What the Experts Say About Restaurants in a Post-COVID World
In a wide-ranging conversation that hit on everything from leadership qualities and customer safety to the future of buffets and the value of drive-thru real estate, industry experts Greg Dollarhyde and Malcolm Knapp offered their take on what lies ahead for the restaurant business in 2021 and beyond.
Dollarhyde, who moderator John Hamburger, publisher of the Restaurant Finance Monitor, called “the Wayne Gretzky of restaurants,” is the former executive chairman of the board and CEO of Zoe’s Kitchen, and led the IPO for that brand in 2014 before negotiating a sale to Cava Group in 2018. He serves on the boards of Blaze Pizza and Veggie Grill.
Knapp is best known for his Knapp-Track Sales Index tracking service and also advises foodservice firms and acts as a confidential sounding board for CEOs. He’s performed estimates and forecasts for the National Restaurant Association for the past 40 years.
Read on for some of the highlights, and watch the full webinar recording here.
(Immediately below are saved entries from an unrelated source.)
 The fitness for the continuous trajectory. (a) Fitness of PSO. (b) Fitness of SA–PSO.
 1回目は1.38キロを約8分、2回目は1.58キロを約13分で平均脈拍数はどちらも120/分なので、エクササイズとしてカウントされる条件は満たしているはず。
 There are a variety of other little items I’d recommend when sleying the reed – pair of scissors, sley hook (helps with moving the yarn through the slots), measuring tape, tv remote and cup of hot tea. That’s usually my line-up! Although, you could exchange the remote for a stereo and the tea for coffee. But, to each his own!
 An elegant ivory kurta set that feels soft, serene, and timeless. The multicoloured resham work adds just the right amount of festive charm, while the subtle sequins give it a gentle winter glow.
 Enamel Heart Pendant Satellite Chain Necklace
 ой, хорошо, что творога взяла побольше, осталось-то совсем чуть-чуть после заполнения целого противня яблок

On major themes in the industry:
Dollarhyde: Convenience is still critical. But convenience now has morphed into ‘I want quality on my terms at my place’ convenient. I want you to deliver a hot pizza to me at a park. Or I want the convenience of getting a great meal in an airport …
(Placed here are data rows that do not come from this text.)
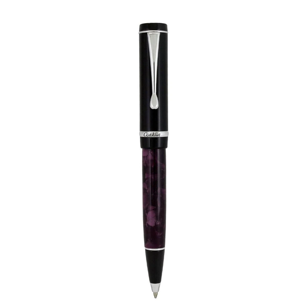 The Conklin Duragraph Ballpoint Pen in Purple Nights is a sophisticated writing instrument and a luxury gift that is sure to impress. The Conklin Pen Company®, established in 1898, revolutionized the pen industry with the Duragraph™ in 1923. Known as 'the definitive' pen, the Duragraph™ was built to be both durable and stylish. This Purple Nights edition is crafted from high-quality European-grade resins, featuring a deep purple finish with shimmering pearlescent details. The pen’s substantial size offers a comfortable and balanced grip, making it suitable for both professional and creative writing tasks. Packaged in a luxurious gift box, the Conklin Duragraph Ballpoint Pen in Purple Nights is the perfect gift for pen enthusiasts, collectors, and executives. Whether it’s for a special occasion or simply to show appreciation, this high-quality gift will be cherished by anyone who values elegance and craftsmanship in their writing tools. Conklin Pen Company – A Legacy of Craftsmanship: Since 1898, Conklin has been known for its luxury writing instruments. The Purple Nights Duragraph Ballpoint Pen reflects this tradition, making it an elegant gift for those who value quality and style. Deep Purple Nights Finish: The pen’s rich, deep purple body, crafted from premium European-grade resins, features shimmering pearlescent details, making it a sophisticated gift for any occasion. Smooth Twist-Action Writing: The pen’s twist-action mechanism ensures effortless, reliable writing, perfect for both professional and personal tasks, making it an ideal gift. Refillable with Parker-Style Refills: The pen is compatible with Monteverde, Schmidt, or any Parker-style ballpoint refill, ensuring long-lasting use and convenience—great for gifting to professionals and enthusiasts alike. Luxury Gift Presentation: Packaged in a luxury gift box, the Conklin Duragraph Ballpoint Pen in Purple Nights is the perfect gift for pen enthusiasts, collectors, and anyone who appreciates the finer things in life.
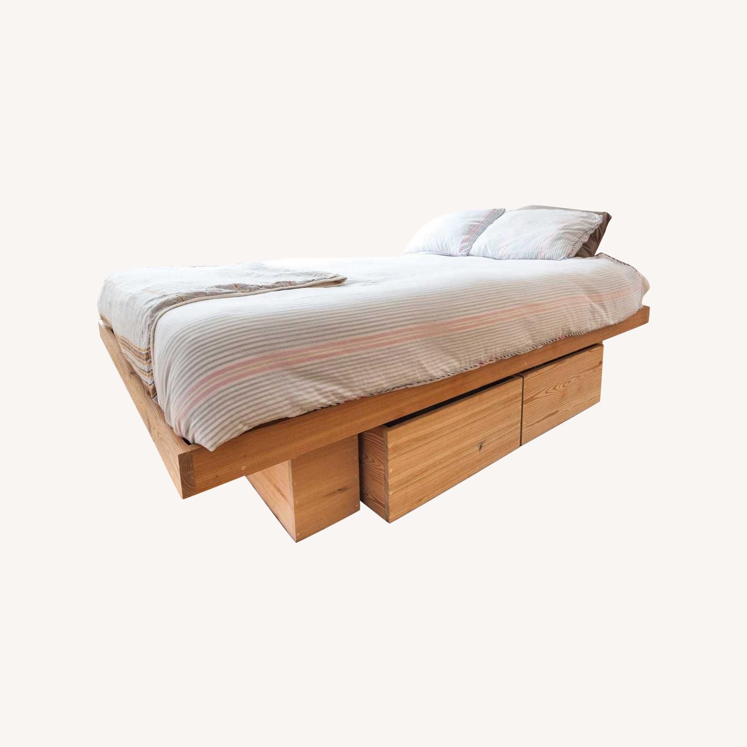 Seller's Notes:Deep storage drawers and solid wood base make this a sturdy, functional bedroom piece. The first 2 photos are stock photos, but the dimensions and other pictures are accurate to the piece. Mattress is not included. Message me for any other info on the bed frame. Please note - it needs to be picked up by end of day Thursday. Delivery fees are covered in the price.
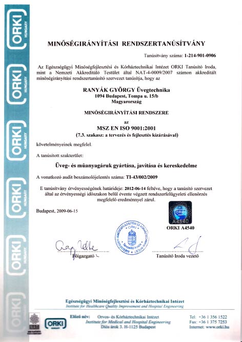 Cégünk saját fejlesztésű és gyártású termékeire az Egészségügyi Minőségfejlesztési és Kórháztechnikai Intézet EK tanúsítványával rendelkezik. Ezenkívül rendelkezünk az ISO minőségirányítási rendszertanúsítványaival. Az általunk használt alapanyagok szintén mind bevizsgáltak és tanúsítottak. Cégünket 2007-ben a "Hagyományörző Vállakozás" díjjal tüntették ki, 2014-ben pedig nekünk ítélték a "Magyar Termék Nagydíj"-at.

I still think there’s a big focus on quality and craveability. I think there’s a lot of people that tend to forget that until it’s, oops, it was supposed to be good and we didn’t execute well.
Knapp: What I think is the most significant is the quality of leadership. In a crisis leadership is even more important than in a non-crisis because people really are up to a panic and they’ll either freeze or do silly things. The people who have really won in this so far, in this new environment, are the ones that have a plan, have a good, strong corporate culture, have injected a little bit of entrepreneurialism in it, and stress execution.
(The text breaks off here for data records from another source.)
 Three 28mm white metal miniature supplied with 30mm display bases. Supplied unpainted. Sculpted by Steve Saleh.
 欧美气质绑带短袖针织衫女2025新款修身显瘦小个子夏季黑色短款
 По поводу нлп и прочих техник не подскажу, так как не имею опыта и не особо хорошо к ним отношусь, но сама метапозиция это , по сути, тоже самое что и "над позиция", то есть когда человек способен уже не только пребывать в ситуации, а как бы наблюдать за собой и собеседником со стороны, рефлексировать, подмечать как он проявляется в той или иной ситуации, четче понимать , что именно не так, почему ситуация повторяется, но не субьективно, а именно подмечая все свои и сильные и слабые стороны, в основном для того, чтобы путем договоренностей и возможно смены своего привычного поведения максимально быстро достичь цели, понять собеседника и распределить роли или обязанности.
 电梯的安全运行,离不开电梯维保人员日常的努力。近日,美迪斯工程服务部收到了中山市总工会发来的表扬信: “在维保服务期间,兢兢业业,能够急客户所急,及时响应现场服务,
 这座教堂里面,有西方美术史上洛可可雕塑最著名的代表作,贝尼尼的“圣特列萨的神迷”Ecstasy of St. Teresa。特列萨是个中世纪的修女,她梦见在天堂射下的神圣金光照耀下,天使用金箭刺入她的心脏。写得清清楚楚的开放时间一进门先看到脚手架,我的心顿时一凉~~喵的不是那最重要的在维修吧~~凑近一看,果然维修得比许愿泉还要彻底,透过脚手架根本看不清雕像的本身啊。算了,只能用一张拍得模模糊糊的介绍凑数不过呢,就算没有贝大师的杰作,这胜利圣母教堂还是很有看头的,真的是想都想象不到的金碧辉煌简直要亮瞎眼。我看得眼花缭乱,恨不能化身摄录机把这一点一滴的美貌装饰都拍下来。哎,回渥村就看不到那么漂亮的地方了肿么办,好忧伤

On the future of buffet restaurants:
Dollarhyde: Well, that’s been a declining situation for a long time … Let’s take it to Whole Foods. How much business was Whole Foods doing through those lunch counters, all the selected foods, three rows … 18 percent of their business. That’s a ghost town right now. That’s 18 percent, that amount of square footage is dead real estate. They’re using it to store stuff.
I don’t think that ever comes back.
Knapp: All the fast food guys, when people said cafeterias are gone, they just got reborn as short-line cafeterias and fast casual.
On a $15 minimum wage:
Knapp: I think it’s inevitable … but the real secret in doing things like that is not to do it in one month. It has to be spread out over years so the companies can absorb it and figure out ways to be more efficient. Because if you hire someone at $15, you want to make sure they’re worth $15. So you have to be much more selective in how you do it.
Dollarhyde (pictured above): I think in this country, if we don’t find a way to get more money to people who are struggling, we’re not going to have the country we had yesterday, today or tomorrow. It’s going to be different. We’ve got to find a way to get more money in those peoples’ hands that are out there on the front lines only making $28,000 a year, or $22,000 or $27,000. We really just have to. I think everybody’s gotta just step up and say, OK, how do we want to cover these people …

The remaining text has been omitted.